■ **DATA**:
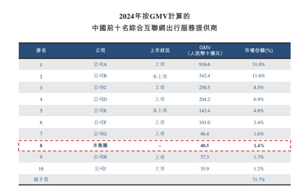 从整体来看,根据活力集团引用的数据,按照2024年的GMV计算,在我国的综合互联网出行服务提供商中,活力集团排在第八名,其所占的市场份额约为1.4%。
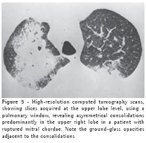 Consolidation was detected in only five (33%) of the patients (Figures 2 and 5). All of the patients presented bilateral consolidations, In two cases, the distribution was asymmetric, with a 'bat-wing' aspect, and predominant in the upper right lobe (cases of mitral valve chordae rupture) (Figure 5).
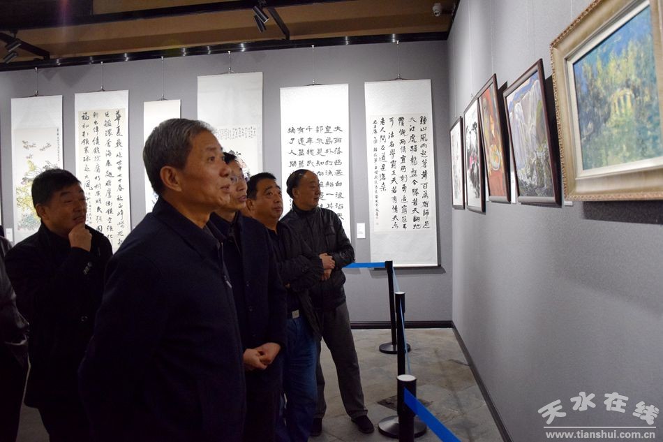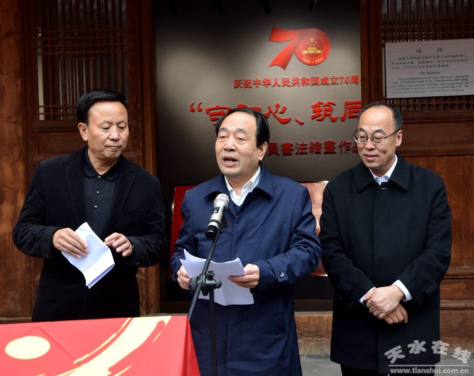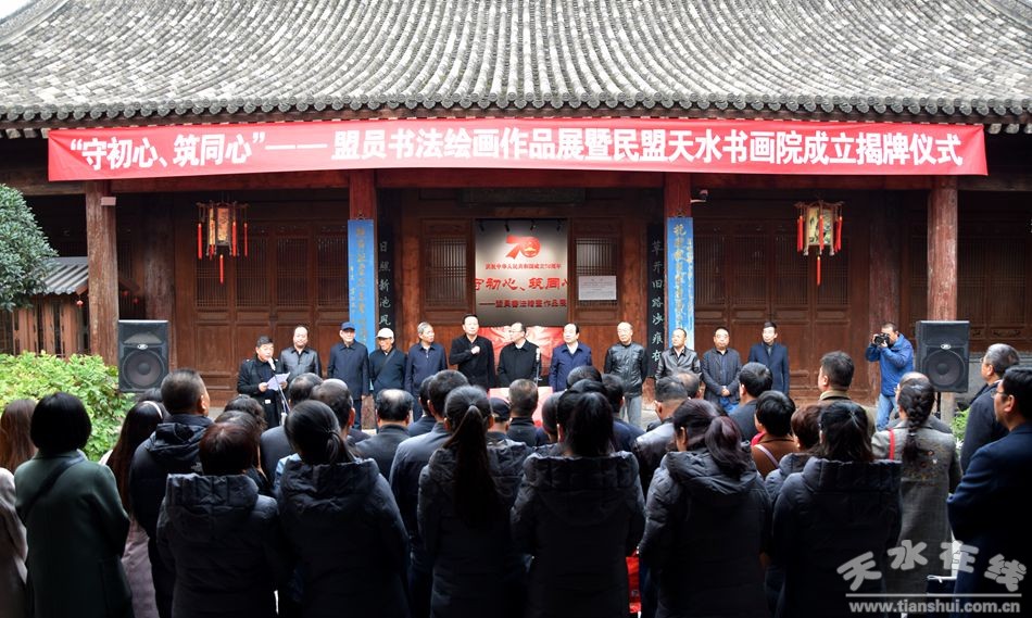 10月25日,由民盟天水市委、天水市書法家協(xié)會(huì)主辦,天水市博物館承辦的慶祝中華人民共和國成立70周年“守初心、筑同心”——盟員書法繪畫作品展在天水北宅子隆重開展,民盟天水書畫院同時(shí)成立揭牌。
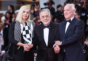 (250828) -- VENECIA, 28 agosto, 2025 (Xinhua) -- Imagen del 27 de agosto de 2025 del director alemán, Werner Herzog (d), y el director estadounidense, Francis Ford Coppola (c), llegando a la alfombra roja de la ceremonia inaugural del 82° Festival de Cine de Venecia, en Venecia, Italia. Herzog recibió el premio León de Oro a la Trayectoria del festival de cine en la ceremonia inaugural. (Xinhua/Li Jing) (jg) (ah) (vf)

■ **REQUIRED WORK**: Your answer must be everything above from the line with "Consolidation was detected" down to the line with "10月25日,由民盟天水市委", word for word, and no pictures.

■ **RESPONSE AREA**:
 Consolidation was detected in only five (33%) of the patients (Figures 2 and 5). All of the patients presented bilateral consolidations, In two cases, the distribution was asymmetric, with a 'bat-wing' aspect, and predominant in the upper right lobe (cases of mitral valve chordae rupture) (Figure 5).
 10月25日,由民盟天水市委、天水市書法家協(xié)會(huì)主辦,天水市博物館承辦的慶祝中華人民共和國成立70周年“守初心、筑同心”——盟員書法繪畫作品展在天水北宅子隆重開展,民盟天水書畫院同時(shí)成立揭牌。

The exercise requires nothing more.